[Dataset excerpts Boundary: Start]

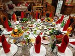 Отмечали Новый год с друзьями и детьми! Заказали столик, обстановка соответствующая названию ресторана. Мы в принципе были не против, уютно, комфортно. Новогодняя программа была просто 🔥🔥🔥🔥. Но вот стол, конечно с меню и количеством еды лучше бы пересмотреть и все таки накрывать от души, как обычно восточные люди встречают своих гостей. Стол вышел скромным, не скажу что все не вкусно, но все таки не то, что мы ожидали. Ставлю 5 и не снижаю только потому что было впечатляющее празднование, и стол не испортил наше настроение, ведь мы шли не поесть, а получить новогодние впечатления. Мы это получили. А поели мы уже вкусно дома (я подготовилась и холодильник был полон вкусняшек).
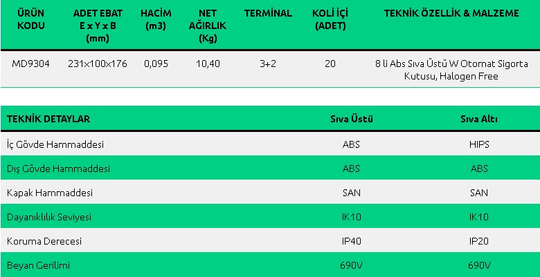 6 lı Abs Sıva Altı W Otomat Sigorta Kutusu
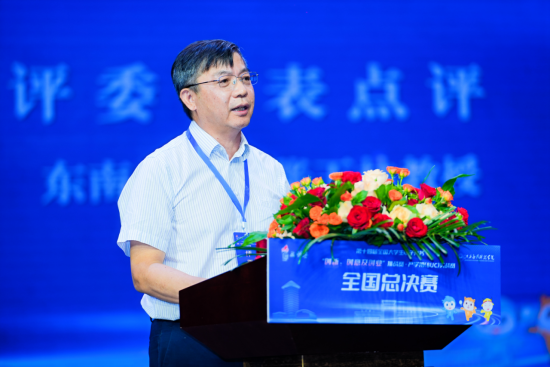 东南大学张玉林教授代表第十四届三创赛全国总决赛评委在闭幕式上为此次大赛做出比赛点评。他指出,参加本次总决赛的团队大多都能够强化创新意识、引导创意思维、锻炼创业能力、倡导团队精神以及践行学科引领、知行合一、敢想敢干、勇立潮头的竞赛宗旨,都出色地完成了此次比赛。
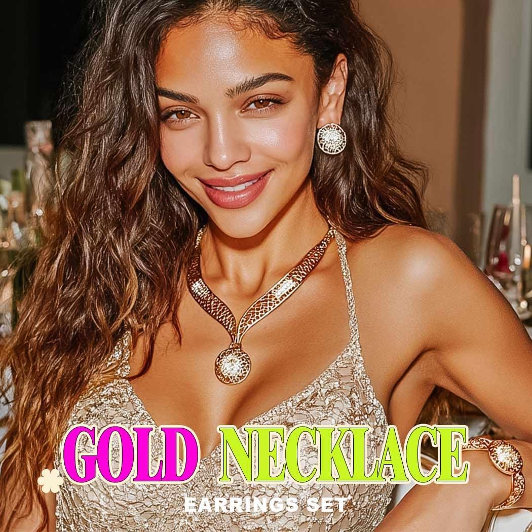 Gold costume jewellery set attracts inspiration from retro African design, mixing intricate patterns with up to date sparkle to create a glance that’s each nostalgic and recent.
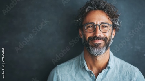 man, portrait, smiling, beard, warmth, dreamlike, relaxation, friendly, joy, calm, welcoming, modern, engaging, approachable, charming, casual attire, stylish, contemporary, urban, sophisticated, cultured, charisma, personable, upbeat, inviting, dynamic, open, vibrant, lively, spirited, fashionable, harmony, positive, optimism, joyful, sociable

[Dataset excerpts Boundary: End]

### Assignment
For your answer, write out the data exactly and drop every picture.

### Response to the task
 Отмечали Новый год с друзьями и детьми! Заказали столик, обстановка соответствующая названию ресторана. Мы в принципе были не против, уютно, комфортно. Новогодняя программа была просто 🔥🔥🔥🔥. Но вот стол, конечно с меню и количеством еды лучше бы пересмотреть и все таки накрывать от души, как обычно восточные люди встречают своих гостей. Стол вышел скромным, не скажу что все не вкусно, но все таки не то, что мы ожидали. Ставлю 5 и не снижаю только потому что было впечатляющее празднование, и стол не испортил наше настроение, ведь мы шли не поесть, а получить новогодние впечатления. Мы это получили. А поели мы уже вкусно дома (я подготовилась и холодильник был полон вкусняшек).
 6 lı Abs Sıva Altı W Otomat Sigorta Kutusu
 东南大学张玉林教授代表第十四届三创赛全国总决赛评委在闭幕式上为此次大赛做出比赛点评。他指出,参加本次总决赛的团队大多都能够强化创新意识、引导创意思维、锻炼创业能力、倡导团队精神以及践行学科引领、知行合一、敢想敢干、勇立潮头的竞赛宗旨,都出色地完成了此次比赛。
 Gold costume jewellery set attracts inspiration from retro African design, mixing intricate patterns with up to date sparkle to create a glance that’s each nostalgic and recent.
 man, portrait, smiling, beard, warmth, dreamlike, relaxation, friendly, joy, calm, welcoming, modern, engaging, approachable, charming, casual attire, stylish, contemporary, urban, sophisticated, cultured, charisma, personable, upbeat, inviting, dynamic, open, vibrant, lively, spirited, fashionable, harmony, positive, optimism, joyful, sociable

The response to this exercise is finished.